In other cases, the focus of the summary hearing may be on whether there is a reasonable prospect that the applicant can prove, on a balance of probabilities, that his or her Code rights were violated. Often, such cases will deal with whether the applicant can show a link between an event and the grounds upon which he or she makes the claim. The issue will be whether there is a reasonable prospect that evidence the applicant has or that is reasonably available to him or her can show a link between the event and the alleged prohibited ground.
In considering what evidence is reasonably available to the applicant, the Tribunal must be attentive to the fact that in some cases of alleged discrimination, information about the reasons for the actions taken by a respondent are within the sole knowledge of the respondent. Evidence about the reasons for actions taken by a respondent may sometimes come through the disclosure process and through cross-examination of the people involved. The Tribunal must consider whether there is a reasonable prospect that such evidence may lead to a finding of discrimination. However, when there is no reasonable prospect that any such evidence could allow the applicant to prove his or her case on a balance of probabilities, the application must be dismissed following the summary hearing.
SUBMISSIONS
25The applicant submitted that Dr. Burstow’s comment, “You know how we feel about Christians,” was discriminatory because it was hurtful to her. She stated that the comment implied that Christians do not like gays and lesbians.
26The applicant also submitted that the respondent’s denial of her request to serve on CAPA’s executive, and the fact that CAPA members generally refused to talk to her, was discriminatory. She stated that she was very uncomfortable at CAPA meetings because she appeared to be the only person in attendance who was Christian and heterosexual.

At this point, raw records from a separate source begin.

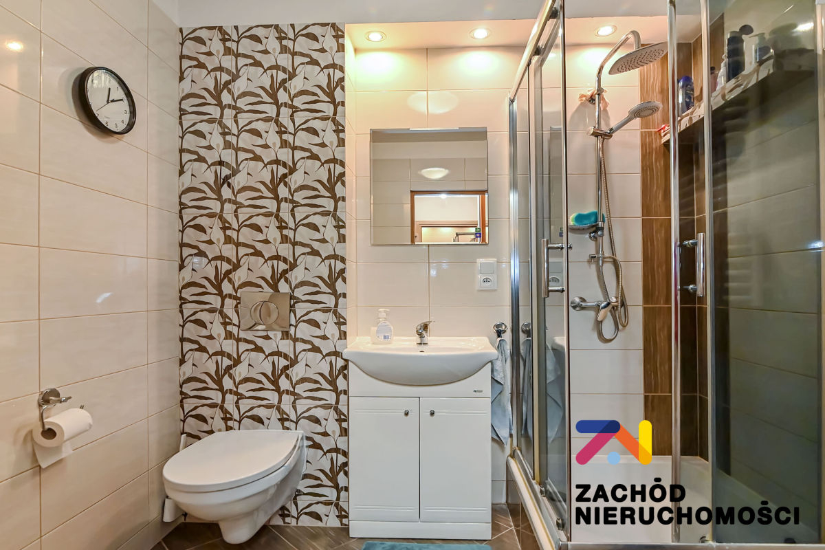 Łazienka z kabiną prysznicową i WC,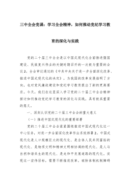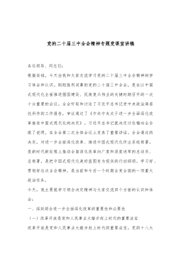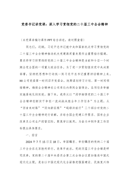 专题党课:学习贯彻党的二十届三中全会精神,切实践行金融工作政治性、人民性党的二十届三中全会指出:“面对人民群众新期待,必须自觉把改革摆在更加突出位置,紧紧围绕推进中国式现代化进一步全面深化改革。”党的二十届三中全会开启了进一步全面深化改革的新征程,将深化金融改革推入了新阶段。公司上下要始终坚持以习近平新时代中国特色社会主义思想为指导,认真落实党中央关于金融系统党的建设的决策部署,积极践行金融工作政治性、人民性,强化主体责任,狠抓学习贯彻,持续正风肃纪,深入推进模范机关建设,以高质量机关党建推动高质量发展。一、在讲政治上立标杆,践行“两个维护”公司机关作为国有金融企业机关,要深刻认识到政治性是第...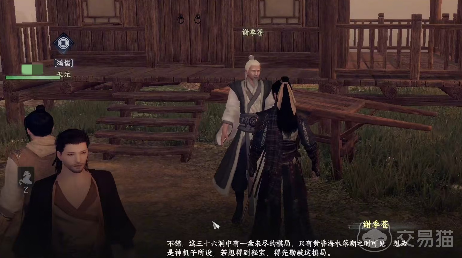 这里所说的三十六洞地宫,这就是洞天秘宝任务。首先来到地图坐标-172,529,在这个位置可以看到有两个三十六洞弟子对话,之后解锁一个线索。接下来去拿另一个线索,需要在附近找到谢季苍,对话之后他会告诉玩家一个线索,只有在黄昏海水落潮之时候,解锁棋局才能拿到秘宝。

27However, in response to my questioning, the applicant admitted that she does not know the size of the membership of CAPA, that she only knows two CAPA members by name, and that her view that the CAPA membership is predominantly Jewish and gay and lesbian, and the executive is controlled by Jews and lesbians, is her impression from attending meetings and talking to people.
28The applicant further submitted that the respondent’s videotaping of her was discriminatory because the respondent subsequently showed the videotape publicly and sold it on DVD without obtaining a release from her.
29Dr. Burstow denied that she made an anti-Christian comment during a CAPA meeting. She submitted that there are no witnesses who will corroborate the applicant’s allegation that she made such a comment.
30Dr. Burstow also denied that the respondent ever received a request from the applicant to serve on the organization’s executive. She submitted that the applicant’s allegation of discrimination is based on stereotypes and bigotry about Jews and gays and lesbians. She acknowledged that CAPA has Jewish and gay and lesbian members, but stated that its membership and executive are predominantly Christian and heterosexual. She stated that she is particularly troubled by the fact that the applicant is relying on stereotypes about Jews controlling everything, and that she has specifically named and identified a Jewish member of CAPA.
31Dr. Burstow also admitted that the applicant is on a video, which CAPA sells to the public, but she submitted that the video is of a public hearing, and CAPA does not own the rights to the video. She also stated the applicant knew that the hearing was being videotaped, and she is only shown as a member of the audience.
32In reply, the applicant stated that, because she has a close family member who is gay, she could not be bigoted. She also admitted that the video does not show her speaking about a perceived disability, but maintained that the video is discriminatory because she was filmed without her consent.
DECISION
33I find that there is no reasonable prospect that the Application will succeed.
34The Supreme Court of Canada’s decision in Andrews v. Law Society of British Columbia, 1989 CanLII 2 (SCC), [1989] 1 S.C.R. 143 defined discrimination at pp 174-75 as follows:
Discrimination is a distinction which, whether intentional or not but based on grounds relating to personal characteristics of the individual or group, has an effect which imposes disadvantages not imposed upon others or which withholds or limits access to advantages available to other members of society.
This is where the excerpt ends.